La Cour suprême des États-Unis a porté un coup dur aux ambitions de l’ancien président Donald Trump en jugeant mardi qu’il n’avait pas le pouvoir légal de déployer la Garde nationale à Chicago pour protéger les agents fédéraux chargés de l’immigration. Cette décision, rendue par six juges contre trois, confirme les décisions antérieures de tribunaux inférieurs.
La Cour a estimé que l’administration Trump avait exagéré la menace pesant sur les agents fédéraux et avait outrepassé ses prérogatives. Au cœur du litige se trouve l’interprétation d’une loi datant de 1903 sur la milice, qui autorise le déploiement de la Garde nationale uniquement si l’armée américaine régulière est incapable de maintenir l’ordre.

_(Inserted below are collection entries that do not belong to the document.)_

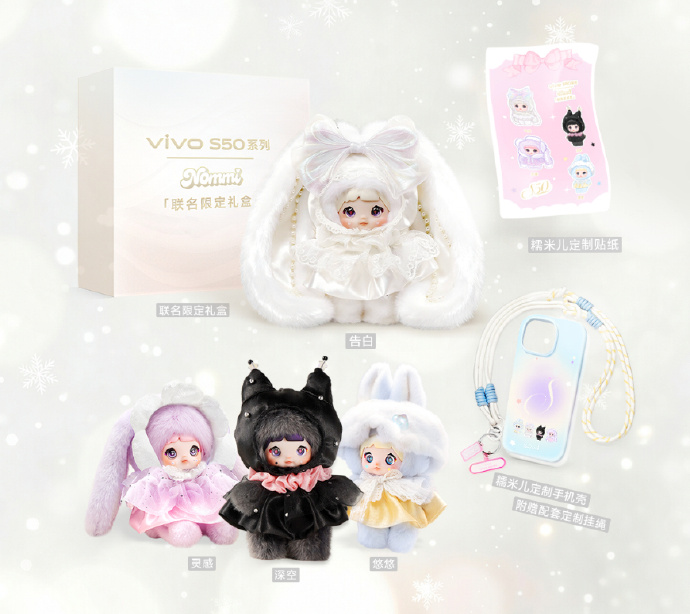 vivo S50系列和糯米儿梦幻联动,不仅有同色系糯米儿限定毛绒玩偶,每一款都可爱到爆,还有手机挂绳、手机壳、限定壁纸和萌趣贴纸等周边,很治愈~
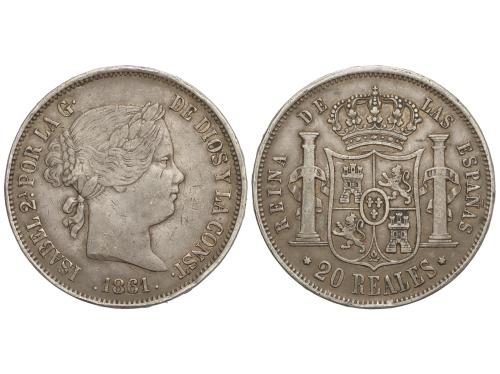 ISABEL II. 20 Reales. 1861. MADRID. 25,64 grs. (Rayitas y golpecitos en canto). Pátina. AC-619. MBC.
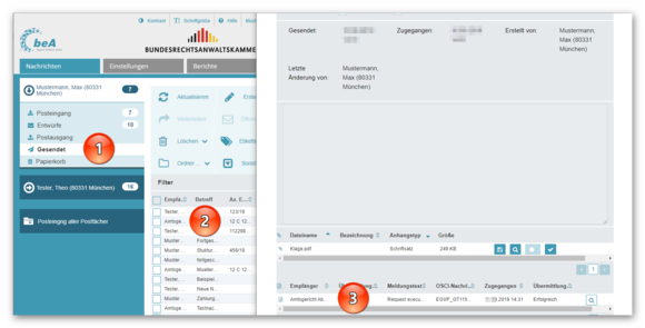 Wechseln Sie in den Ordner „Gesendet“ (1) und machen Sie einen Doppelklick auf die versandte Nachricht (2), um diese zu öffnen. Scrollen Sie in der geöffneten Nachricht nach unten, bis Sie unterhalb der Dateianhänge die Eingangsbestätigung der Justiz mit dem Meldetext („request executed“), dem Eingangsdatum und dem Übermittlungsstatus („erfolgreich“) finden (3).
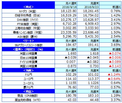 先週のマーケットの振り返り(2016/9/19-9/23)【ウィークリー】
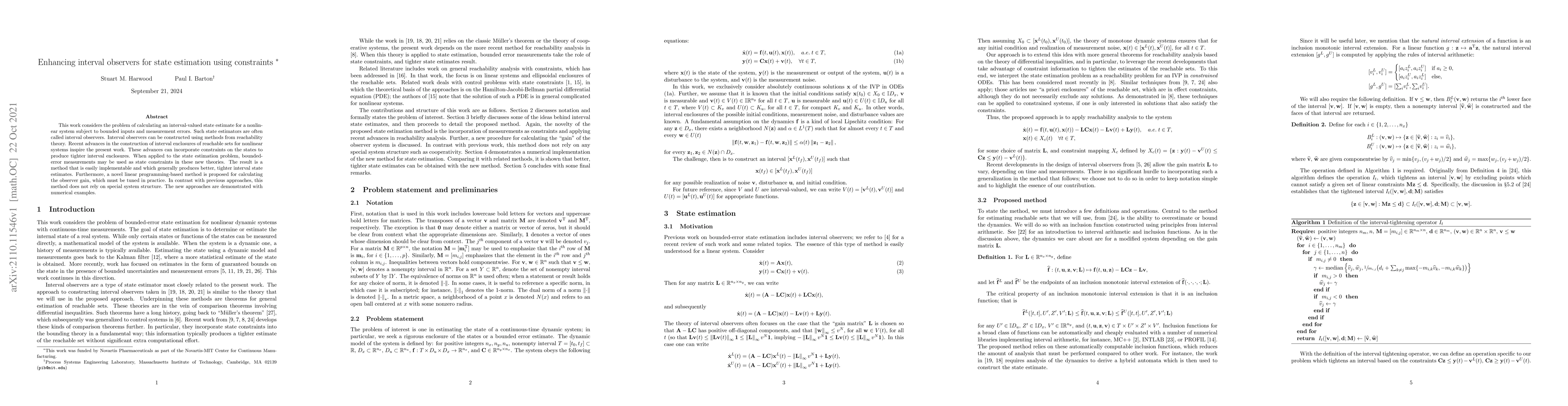 This work considers the problem of calculating an interval-valued state estimate for a nonlinear system subject to bounded inputs and measurement errors. Such state estimators are often called interval observers. Interval observers can be constructed using methods from reachability theory. Recent advances in the construction of interval enclosures of reachable sets for nonlinear systems inspire the present work. These advances can incorporate constraints on the states to produce tighter interval enclosures. When applied to the state estimation problem, bounded-error measurements may be used as state constraints in these new theories. The result is a method that is easily implementable and which generally produces better, tighter interval state estimates. Furthermore, a novel linear programming-based method is proposed for calculating the observer gain, which must be tuned in practice. In contrast with previous approaches, this method does not rely on special system structure. The new approaches are demonstrated with numerical examples.

Les avocats de l’ancien président Trump avaient initialement soutenu que cette loi permettait de mobiliser la Garde nationale en cas d’incapacité de la police ou des agents fédéraux à faire respecter la loi. Cependant, la Cour suprême a rejeté cette interprétation, précisant que le texte faisait référence à l’armée américaine régulière et non aux forces de l’ordre civiles.

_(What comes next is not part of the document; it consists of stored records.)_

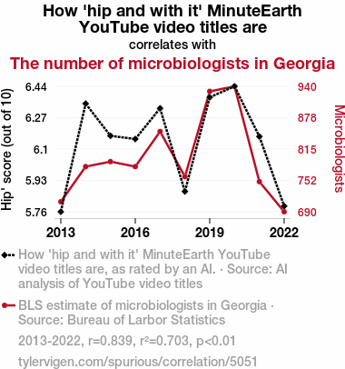 User prompt: Please make up a funny explanation for how increases in How 'hip and with it' MinuteEarth YouTube video titles are positively influenced The number of microbiologists in Georgia.
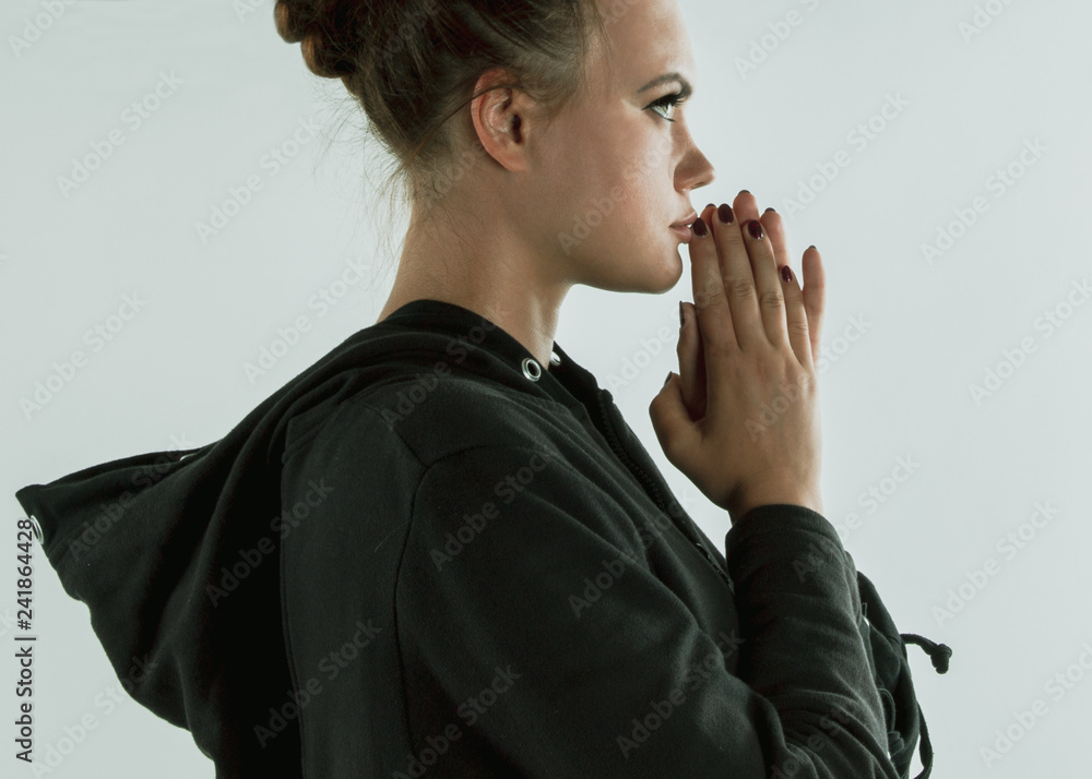 Young beautiful pensive girl in black clothes praying hopefully, over white background
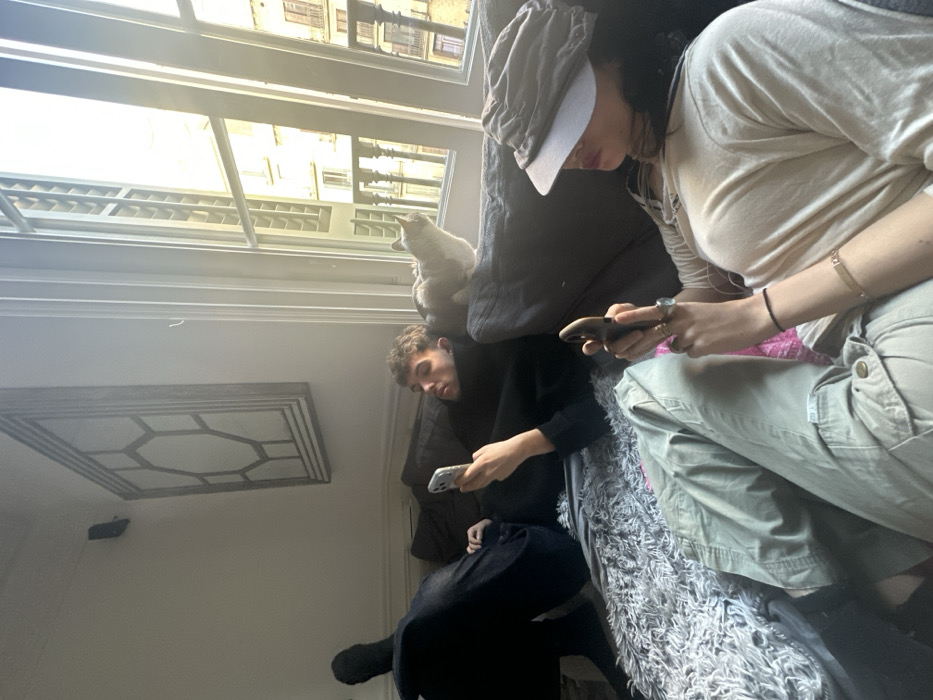 The image displays an indoor scene featuring three individuals and a cat within a room, likely a living area, illuminated by natural light from a large window

« Pour que la Garde soit appelée au service fédéral actif en vertu de la loi sur la milice, le président doit être ‘incapable’ avec l’armée régulière ‘d’exécuter les lois des États-Unis’ », a souligné la Cour dans son arrêt. Elle a ajouté que cette condition est rarement remplie, compte tenu des restrictions imposées par la loi Posse Comitatus, qui interdit aux militaires d’intervenir dans l’application de la loi.

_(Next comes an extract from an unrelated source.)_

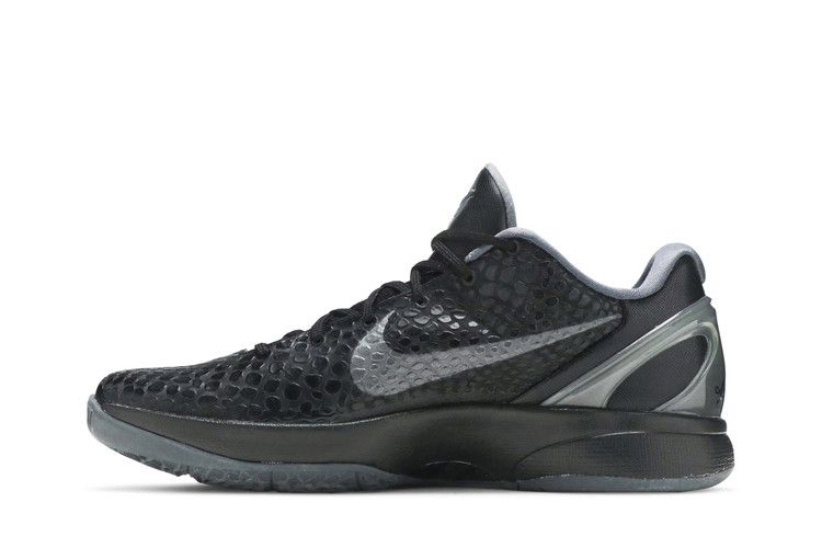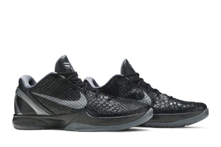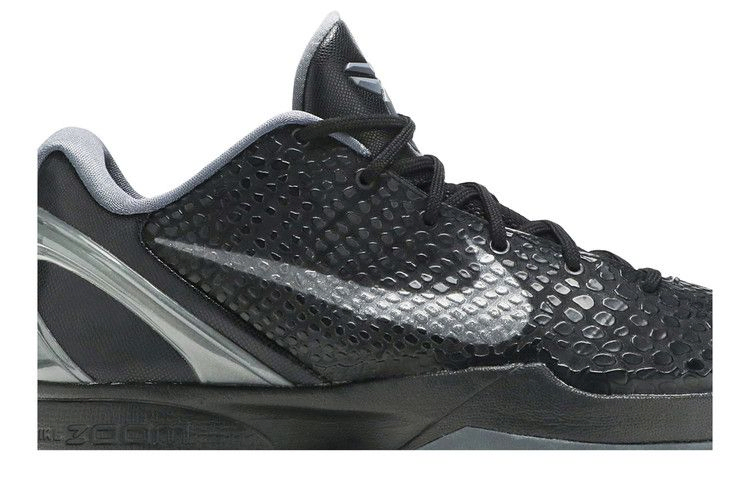 Nike Zoom Kobe 6 "Blackout" отличаются приглушенными черными и серыми тонами во внешнем оформлении легкой обуви. Цельный верх полностью покрыт полиуретановыми "островками" для повышения прочности, а чешуйчатая текстура навевает ассоциации с личностью Коби Брайанта Black Mamba. Дополнительными преимуществами модели являются поддерживающая технология Flywire, двухслойный носок из пеноматериала с эффектом памяти и промежуточная подошва с филоновыми вставками и блоками Zoom Air в пятке и носочной части.

La décision de la Cour suprême est une défaite majeure pour Donald Trump, qui avait fait valoir qu’il disposait d’un pouvoir étendu pour déployer des forces militaires dans les villes américaines. L’affaire avait suscité des inquiétudes quant à la possibilité d’une militarisation de la réponse aux troubles civils.
Le gouverneur de Californie, Gavin Newsom, et son procureur général, Rob Bonta, avaient déposé une requête dans l’affaire de Chicago, mettant en garde contre les dangers d’une intervention militaire du président dans les villes américaines. « Aujourd’hui, les Américains peuvent pousser un immense soupir de soulagement », a déclaré Rob Bonta. « Ce n’est pas nécessairement la fin du chemin, mais c’est un pas important et profondément gratifiant dans la bonne direction. »
La Cour d’appel du 9e circuit avait précédemment autorisé des déploiements de la Garde nationale à Los Angeles et Portland, estimant que les juges devaient se fier au jugement du président. Cependant, un juge de district américain a annulé l’ordre concernant Los Angeles, rétablissant le contrôle de la Garde nationale sous l’autorité du gouverneur Newsom.
Les deux parties dans l’affaire de Chicago avaient présenté des récits divergents sur les événements qui avaient conduit à l’ordre de déploiement de Trump. Les responsables de l’Illinois ont affirmé que les manifestations étaient limitées et que la police était capable de les maîtriser, tandis que l’administration Trump a dénoncé des actes de violence et de harcèlement à l’encontre des agents fédéraux.
« Confronté à des risques intolérables de préjudice pour les agents fédéraux et à une opposition coordonnée et violente à l’application de la loi fédérale », a déclaré l’avocat de Trump, D. John Sauer, « Trump a appelé la Garde nationale ‘pour défendre le personnel, les biens et les fonctions fédéraux face à la violence continue’ ». La procureure générale de l’Illinois, Jane Elinor Notz, a rétorqué que « les preuves montrent que les installations fédérales de l’Illinois restent ouvertes, que les individus qui ont violé la loi en attaquant les autorités fédérales ont été arrêtés et que l’application de la loi sur l’immigration dans l’Illinois n’a fait que s’intensifier ces dernières semaines ».
Les juges conservateurs Clarence Thomas, Samuel A. Alito Jr. et Neil M. Gorsuch se sont opposés à la décision, estimant que le président disposait de l’autorité constitutionnelle nécessaire pour protéger les agents fédéraux et les biens fédéraux.